The two women first met in September 2009, when Molkina visited Kitamuro, who was giving a one-person exhibition in St. Petersburg.

“I am looking for descendants of Captain Kayahara,” Molkina told Kitamuro at the time. “I wish to thank them on behalf of the offspring of the child refugees.”

She said she had pored over historical records in Russia and the United States, but Kayahara alone remained unidentifiable. The sole clue she had was a photo of the captain in uniform, kept by a friend of her grandparents.

Kitamuro spent nearly two years making the rounds of marine transport operators, libraries and antiquarian bookshops until she finally came across the name of Motoji Kayahara in a thick register book of seafarers’ names published in the late Taisho Era (1912-1926).

She learned that the captain’s relatives were maintaining his grave in Kasaoka, Okayama Prefecture. Molkina finally visited the grave in October 2011.

As she offered a bouquet and a Russian flag in front of Kayahara’s grave, Molkina told the deceased captain, “Your soul remains forever alive in the hearts of the offspring of the Russian refugees.”

Molkina and Kitamuro have been working extensively on investigation, research and private-sector exchange related to the subject.

Molkina heads a society of the offspring of the Russian child refugees. Kitamuro founded the nonprofit “society for remembering the Yomei Maru, a humanitarian ship” in 2013 and serves as chief director.

In 1918, as a civil war was intensifying between the Red Army, the White Army and other forces in the aftermath of the Russian Revolution of the previous year, a group of 895 children, roughly between the ages of 5 and 15, evacuated from Petrograd, today’s St. Petersburg and Russia’s capital at the time, to the Southern Urals.

They evacuated farther to the Far Eastern city of Vladivostok in 1919 under the assistance of the American Red Cross.

Japan was deploying troops at the time in Siberia with the United States, Britain and France, by way of military intervention in the Russian Revolution. The Siberia Intervention lasted from 1918 through 1922.

The ARC decided to send the children home by a route through the United States out of consideration for their safety.

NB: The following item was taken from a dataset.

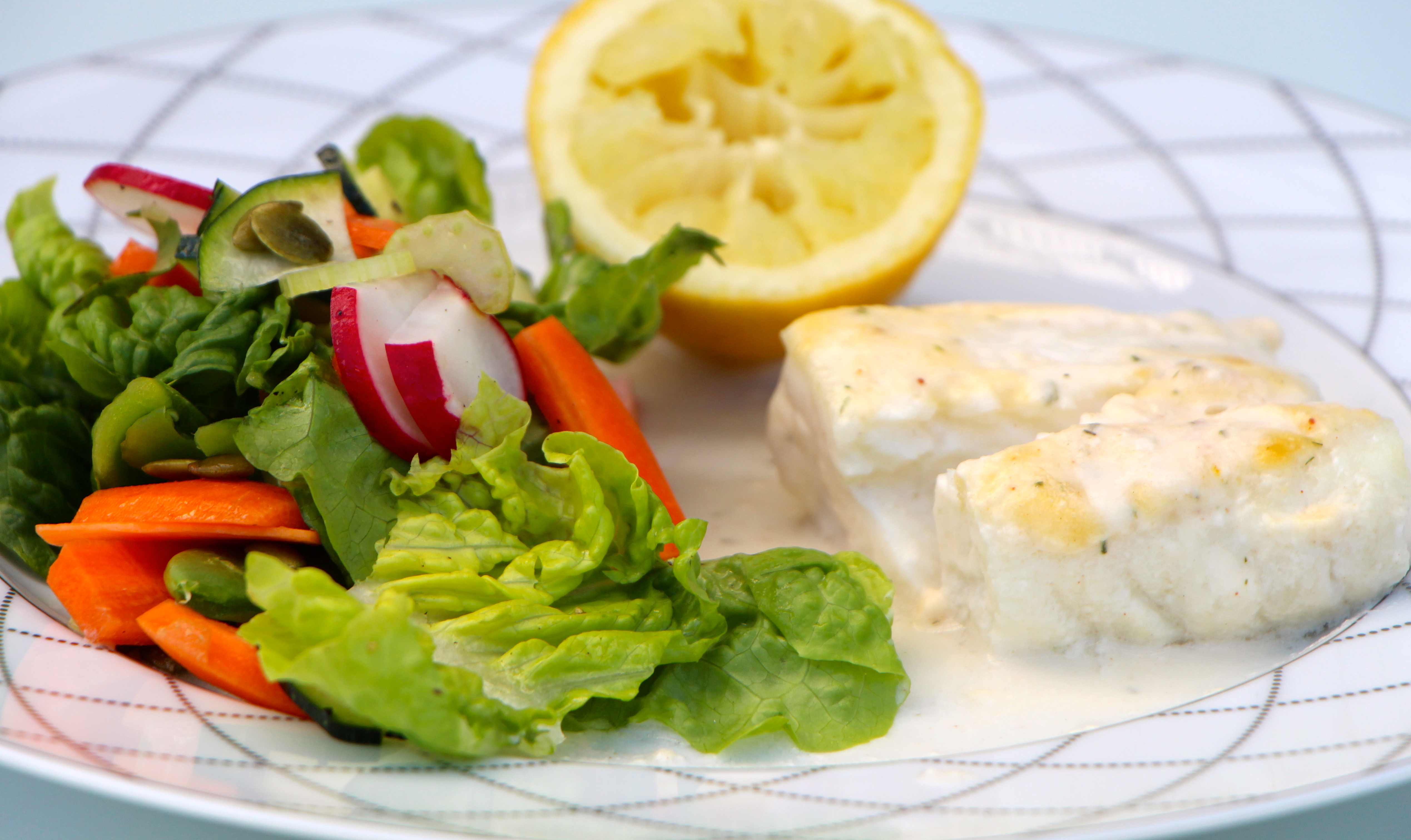 Pour over the fish and put i the pre-heated oven for 20-25 minutes (check after 15 minutes. If it falls apart- it’s ready!). Squeeze some lemon juice over the fish just before serving.

The U.S. government and marine transport operators, however, hesitated to offer assistance, presumably for fear of offending the Moscow government, which viewed the custody of the children as an unjustifiable act of detention.

The Yomei Maru, captained by Kayahara, emerged as their savior.

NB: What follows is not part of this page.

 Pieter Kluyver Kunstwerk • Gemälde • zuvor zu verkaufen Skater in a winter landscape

It was Ginjiro Katsuta, the Yomei Maru’s owner and the president of a Kobe shipping company, who agreed to comply with a request from Riley Allen, head of the ARC commission to Siberia, who was scrambling to rescue the children in plight.

Katsuta later became mayor of Kobe, the capital of Hyogo Prefecture.

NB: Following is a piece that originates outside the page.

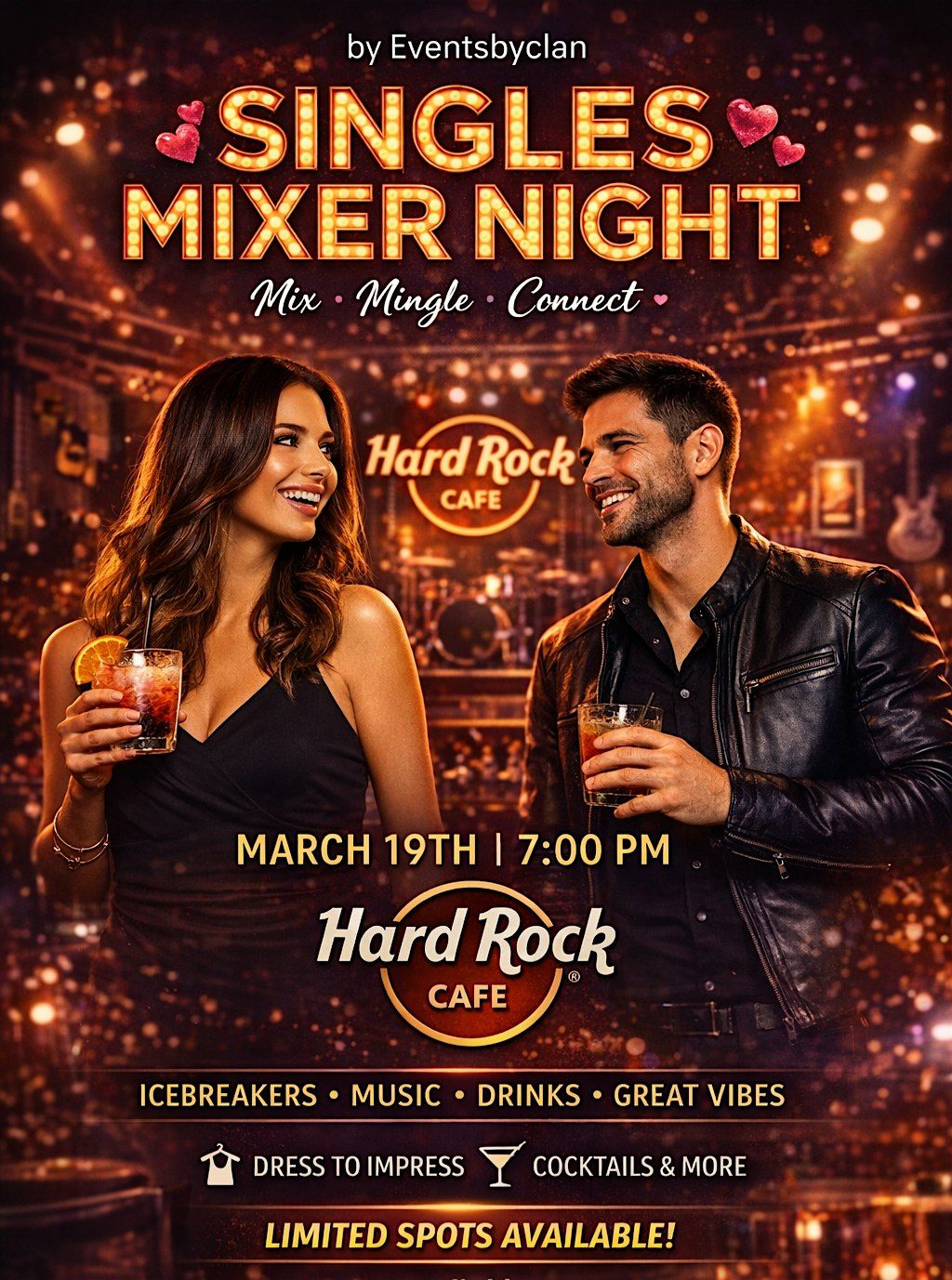 Looking to meet new people in a fun, relaxed, and social setting? Join us for a Singles Mixer at Hard Rock Cafe on March 19th at 7:00 PM.

Rudolf Teusler, Allen’s predecessor and founder of St. Luke’s International Hospital in Tokyo, also worked hard for the cause.

The Yomei Maru set sail from Vladivostok on July 13, 1920, with a large and multinational party of more than 1,000 people aboard, including 780 of the children who were there at the time, staff workers, soldiers repatriating to other countries and Japanese crew members.

The vessel stopped at Muroran in Hokkaido, San Francisco and New York, among other ports, before arriving at Koivisto, Finland, which is not far from the children’s hometown of Petrograd, on Oct. 10, 1920.

Koivisto is now part of Russia and called Primorsk.

The Yomei Maru remembrance society published a book titled “The Yomei Maru and 800 children” from the Namiki Shobo publishing house in 2017 to pass down accounts of the history.

The society also released a DVD titled “The Yomei Maru: A great voyage of a miracle,” which summarized its findings and achievements, earlier this year to mark the centenary of the voyage.

The novel coronavirus pandemic forced the society to postpone a visit to Russia, initially planned for May this year. Kitamuro is hoping to visit the country next year.

Molkina has plans for making an edition of the DVD subtitled in Russian.

“It’s like as if I had so far been guided by ties of some sort that transcend human power,” Kitamuro said.

“Perhaps pure expression of humanitarian sentiment is never easy in our world today, but it would be so wonderful if we were to live in a world where that is possible.”